Improved Regret Bounds for Thompson Sampling in Linear Quadratic Control

International Conference on Machine Learning (ICML)

By: Marc Abeille, Alessandro Lazaric

Abstract

Thompson sampling (TS) is an effective approach to trade off exploration and exploration in reinforcement learning. Despite its empirical success and recent advances, its theoretical analysis is often limited to the Bayesian setting, finite state-action spaces, or finite-horizon problems. In this paper, we study an instance of TS in the challenging setting of the infinite-horizon linear quadratic (LQ) control, which models problems with continuous state-action variables, linear dynamics, and quadratic cost. In particular, we analyze the regret in the frequentist sense (i.e., for a fixed unknown environment) in one-dimensional systems. We derive the first O(√T) frequentist regret bound for this problem, thus significantly improving the O(T 2/3) bound of Abeille & Lazaric (2017) and matching the frequentist performance derived by Abbasi-Yadkori & Szepesvári (2011) for an optimistic approach and the Bayesian result of Ouyang et al. (2017).
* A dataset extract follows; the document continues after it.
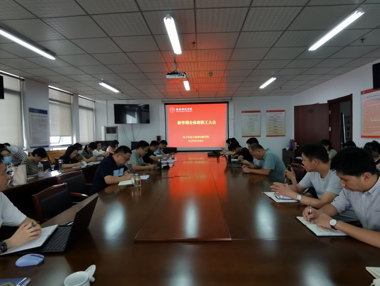 本网讯 为全面做好秋季学期开学工作,确保新学期开好局起好步,保证各项工作平稳有序进行,8月30日下午,电子信息与集成电路学院在行知楼1210会议室召开新学期全体教职工大会。会议由学院党委副书记、院长张忠祥主持,全体教职工参加会议。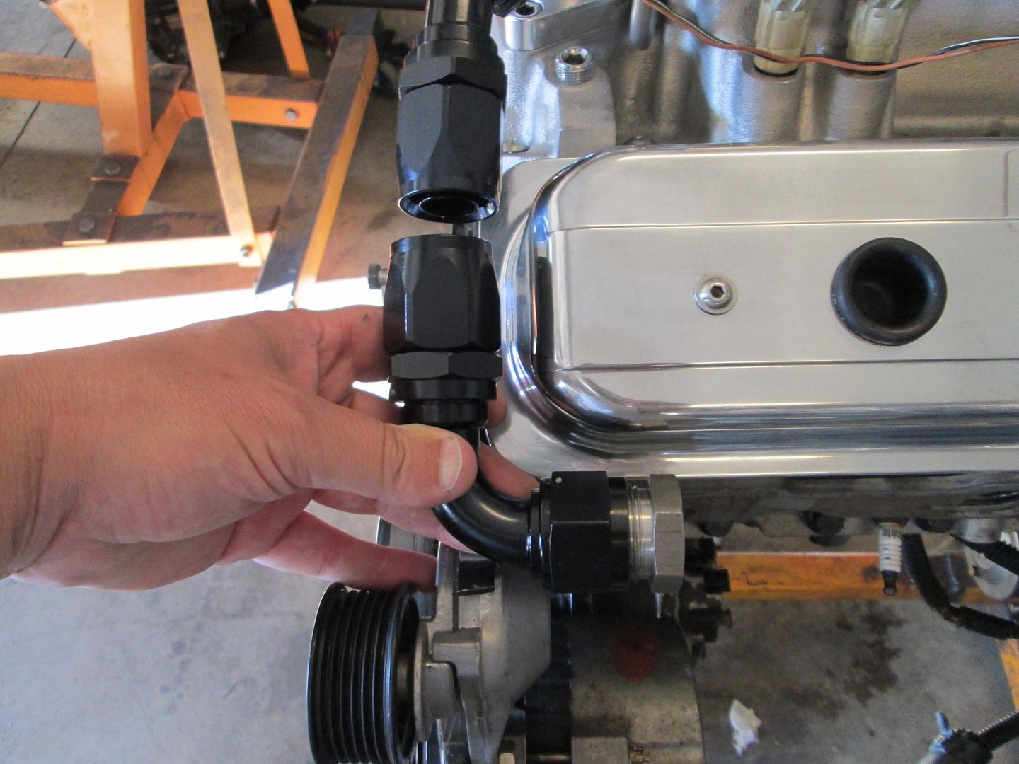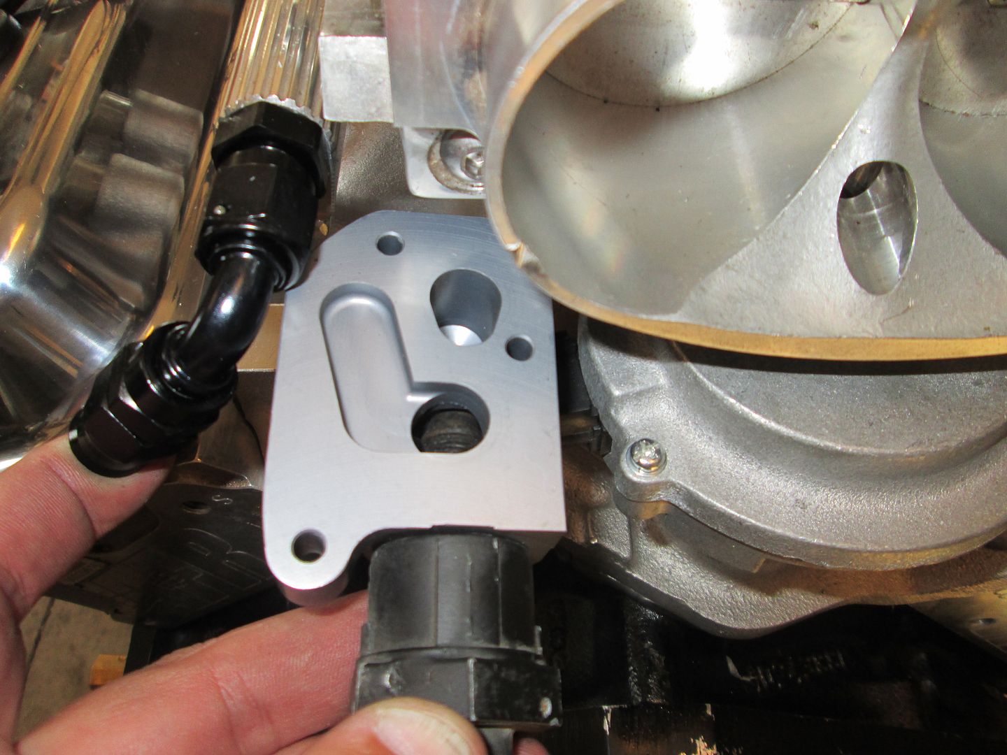 I am in the process of filling all the extra coolant ports and vacuum ports with chrome plugs. This picture also shows the coolant fill and the -16 AN fitting.

We obtain this result by developing a novel bound on the regret due to policy switches, which holds for LQ systems of any dimensionality and it allows updating the parameters and the policy at each step, thus overcoming previous limitations due to lazy updates. Finally, we report numerical simulations supporting the conjecture that our result extends to multi-dimensional systems.